Happy hour @ Hunding's Hovel

Sam Shirakawa went to Essen recently to see Wagner's Die Walküre:

11 JUNE 2009
[see Video Clip]

The curtain goes up long before the house lights dim. The audience attending Dietrich Hilsdorf’s new production of Die Walküre at Essen’s Aalto Theater has little choice but to contemplate a huge faded reception hall, fungus-stained green paint peeling from the walls and columns. The salle de réception, which doubles as a banquet hall, is designed in the mock-Hellenic style that characterized many bourgeois German mansions in the 19th and early 20th centuries. A few chairs, a long banquet table covered with a white table cloth, and a coal-burning stove are the only noteworthy furnishings. An enclosed staircase leads to an upper floor, and a wide escalier center-stage leads somewhere below. It’s a place that’s notable for its palatial size. The joint has seen better days.

So This is supposed to be Hunding’s hovel?


Oh, so that rod with a handle sticking out of the column at stage left is really the sword Nothung!


And that’s why the stove is so close to the column -- so the flames can light up the sword during Siegmund’s big solo!

In fact, this unit set is going to serve as the environment for all the proceedings that take place during the First Day of The Ring.

In his program note, Hilsdorf explains why he instructed his designer Dieter Richter to create such a room for all the action in Walküre:
“Hunding’s abode distills the essence of the world as the setting for the struggle for power and its loss. Despite changes in physical locale [throughout the opera], the inner setting remains unchanged.”
It’s a fascinating metaphor: A decaying mansion as the setting for power plays that ultimately produce no winners, only losers; its main remaining feature -- a banquet table where deadly deals are served.

Unfortunately, Hilsdorf doesn’t work his fecund conceit out. Once the idea of the idea is set forth, the players are left pretty much on their own -- to sit, stand and move around the banquet table -- sometimes rather awkwardly. For some reason almost everyone is dressed in evening clothes -- the Valkyries in crimson gowns and red Dorothy-in-Oz pumps, Fricka in a blue and white number, custom-tailored for a Cecil Beaton portrait sitting. Brünnhilde is in a party mood in her initial appearance, as she fills goblets of wine while flinging out the high notes of her Brindisi -- i.e. the War Cry. When Wotan puts his errant daughter to sleep, he leaves her slumbering erect at the banquet table, not on it.

A rude awakening awaits this Hilde: She’ll have to do the dishes...

We may never know which detergent Brünnhilde favors because Hilsdorf won’t be supervising next season’s new production of Siegfried.

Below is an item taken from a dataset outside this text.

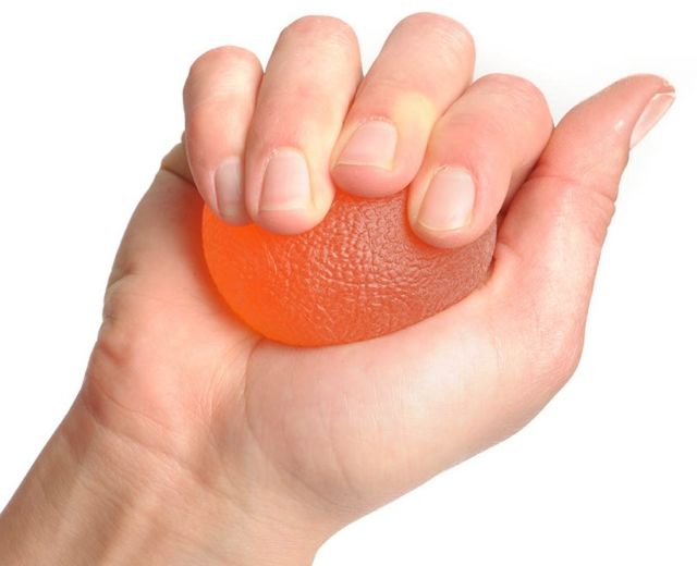 - Двигаем пальцами, вращаем запястьем, сжимаем мягкий тренажер (подходит любая разновидность снаряда из резины «Торнео» либо иной фирмы).

Essen is following the trend set by Stuttgart’s wildly successful Ring Cycle, which assigned each of the four operas to different directors.)

In one of Hilsdorf’s hilarious violations of the text, Sieglinde shows up in the second act very much in the family way. My, how time flies when you’re committing incest! Have the Wälsung Twins managed to elude Hunding, his henchmen, and their dogs for eight months between act one and two? Did they motel hop all that time? Slum with friends? (I thought neither had any.)

Oddly enough, though, the performance I heard on 11 June was spellbinding, owing primarily to Stefan Soltesz’ masterful leadership of a superb cast and orchestra. At age 60, Soltesz is becoming something of a cult figure. He’s well known on podiums throughout Europe, South America, and the Far East, but his appearances in the United States have been spotty. His well-deserved reputation as General Music Director in Essen brings visitors to his performances from far beyond the Ruhr area -- including me. His appearances are always well attended, if not sold out.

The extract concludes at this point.